International Association for Cryptologic Research

International Association
for Cryptologic Research

Transactions on Cryptographic Hardware and Embedded Systems, Volume 2024

Fast and Clean: Auditable high-performance assembly via constraint solving

Amin Abdulrahman
Ruhr University Bochum, Bochum, Germany; Max Planck Institute for Security and Privacy, Bochum, Germany

Hanno Becker
Automated Reasoning Group, Amazon Web Services, Cambridge, United Kingdom

Matthias J. Kannwischer
Quantum Safe Migration Center, Chelpis Quantum Tech, Taipei, Taiwan

Fabien Klein
Arm Limited

Keywords: Superoptimization, Constraint Solving, Cryptography, Post-Quantum Cryptography, Armv8.1-M, AArch64, Helium, Neon, Kyber, Dilithium, X25519, Fast Fourier Transform, FFT, Number Theoretic Transform, NTT, Software Pipelining, Google OR-Tools


Handwritten assembly is a widely used tool in the development of highperformance cryptography: By providing full control over instruction selection, instruction scheduling, and register allocation, highest performance can be unlocked.
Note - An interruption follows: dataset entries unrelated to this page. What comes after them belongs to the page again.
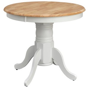 The Hawthorne Round Dining Table from Buylateral is sure to enhance your dining space with charm. The round modern farmhouse design creates a cozy interactive space for family and guests to gather. With its two-tone natural and white finish, and 40 inch diameter, this table is an ideal fit for smaller spaces. Constructed of environmentally friendly solid rubberwood, it features a turned footed pedestal base for added interest.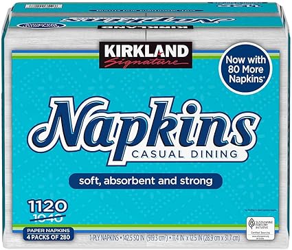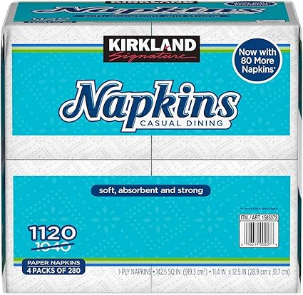 The Kirkland Signature Napkins come in a pack of four, with each pack containing 280 1-ply napkins. These napkins are soft, strong, and absorbent, making them perfect for everyday use. They measure 11.4 inches by 12.5 inches, providing ample coverage for any meal or occasion. Enjoy the convenience and quality of Kirkland Signature Napkins in your home.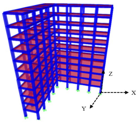A high-rise, G+10-storey, L-shaped, unsymmetrical, reinforced, concrete building was considered in this study. The total plan area of the building is 324 m2. The plan and elevation of the unsymmetrical building are shown in Figure 1, while its 3D view is shown in Figure 2. The total height of the building is 44 m (Figure 1b) with an inter-storey height of 4 m. The collapse phenomenon is the combination of plastic and dynamic behaviour of the structural members. Though distributed plasticity provides slightly better results, in terms of modelling difficulties the default plastic hinges are assigned as per ASCE 41–17. The hinges were assigned in beams and columns at the starting and end portion of the member. The beam elements were assigned with M3 hinges, whereas for columns it was P-M2-M3 hinges. In the study, the lateral load-resisting system with bracings, URM infills, etc., was not included. The slab members were provided along with the rigid diaphragm action which was considered at each floor level that inhibited the actual behaviour of the building.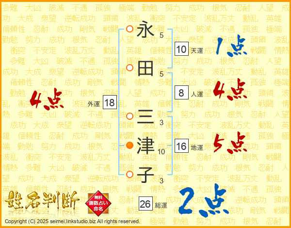 永(5画)田(5画) 三(3画)津(10画)子(3画)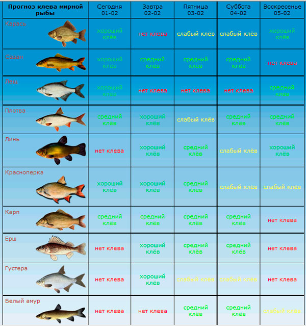 Планируя рыбалку, опирайтесь на свой опыт, погодные условия и этот прогноз.
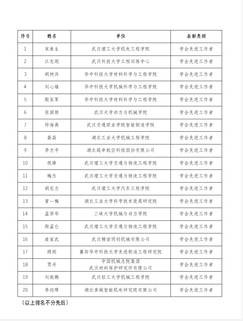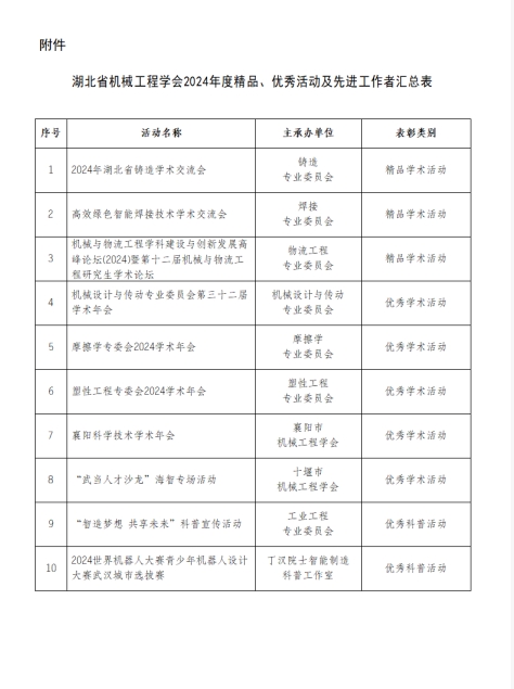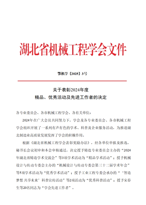 湖北省機械工程學(xué)會關(guān)于表彰2024年度學(xué)會精品、優(yōu)秀活動及先進(jìn)工作者的決定。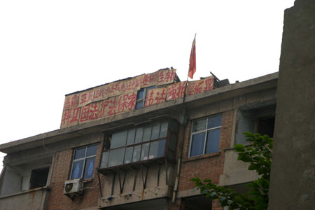 图:河南洛阳最牛钉子户插国旗护家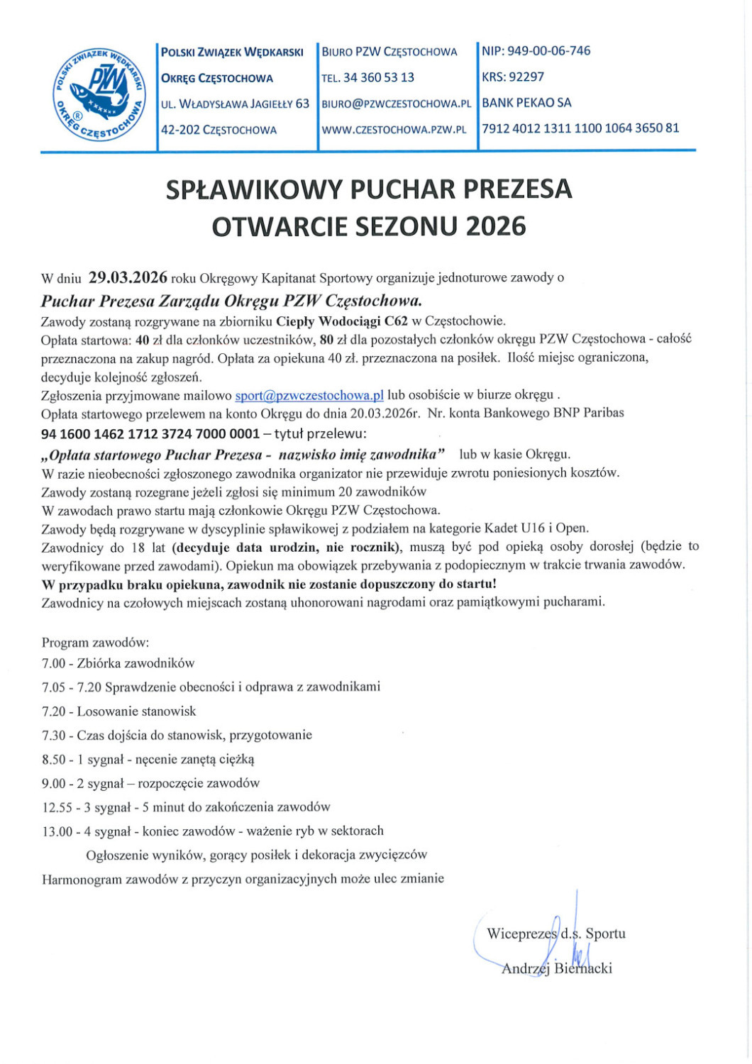 Spławikowe zawody „WIOSNA” 2026 r.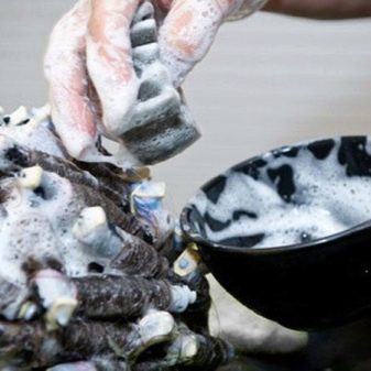 - Schwamm in einer chemischen Lösung getränkt und mit schnellen Bewegungen wird es auf das gekräuselte Haar aufgetragen. Der Nacken wird zuerst bearbeitet, dann die Krone, dann wird der Vorgang seitlich abgeschlossen.

On the flip side, developing handwritten assembly is not only time-consuming, but the artifacts produced also tend to be difficult to review and maintain – threatening their suitability for use in practice. In this work, we present SLOTHY (Super (Lazy) Optimization of Tricky Handwritten assemblY), a framework for the automated superoptimization of assembly with respect to instruction scheduling, register allocation, and loop optimization (software pipelining): With SLOTHY, the developer controls and focuses on algorithm and instruction selection, providing a readable “base” implementation in assembly, while SLOTHY automatically finds optimal and traceable instruction scheduling and register allocation strategies with respect to a model of the target (micro)architecture. We demonstrate the flexibility of SLOTHY by instantiating it with models of the Cortex-M55, Cortex-M85, Cortex-A55 and Cortex-A72microarchitectures, implementing the Armv8.1-M+Helium and AArch64+Neon architectures. We use the resulting tools to optimize three workloads: First, for Cortex-M55 and Cortex-M85, a radix-4 complex Fast Fourier Transform (FFT) in fixed-point and floating-point arithmetic, fundamental in Digital Signal Processing. Second, on Cortex-M55, Cortex-M85, Cortex-A55 and Cortex-A72, the instances of the Number Theoretic Transform (NTT) underlying CRYSTALS-Kyber and CRYSTALS-Dilithium, two recently announced winners of the NIST Post-Quantum Cryptography standardization project. Third, for Cortex-A55, the scalar multiplication for the elliptic curve key exchange X25519. The SLOTHY-optimized code matches or beats the performance of prior art in all cases, while maintaining compactness and readability.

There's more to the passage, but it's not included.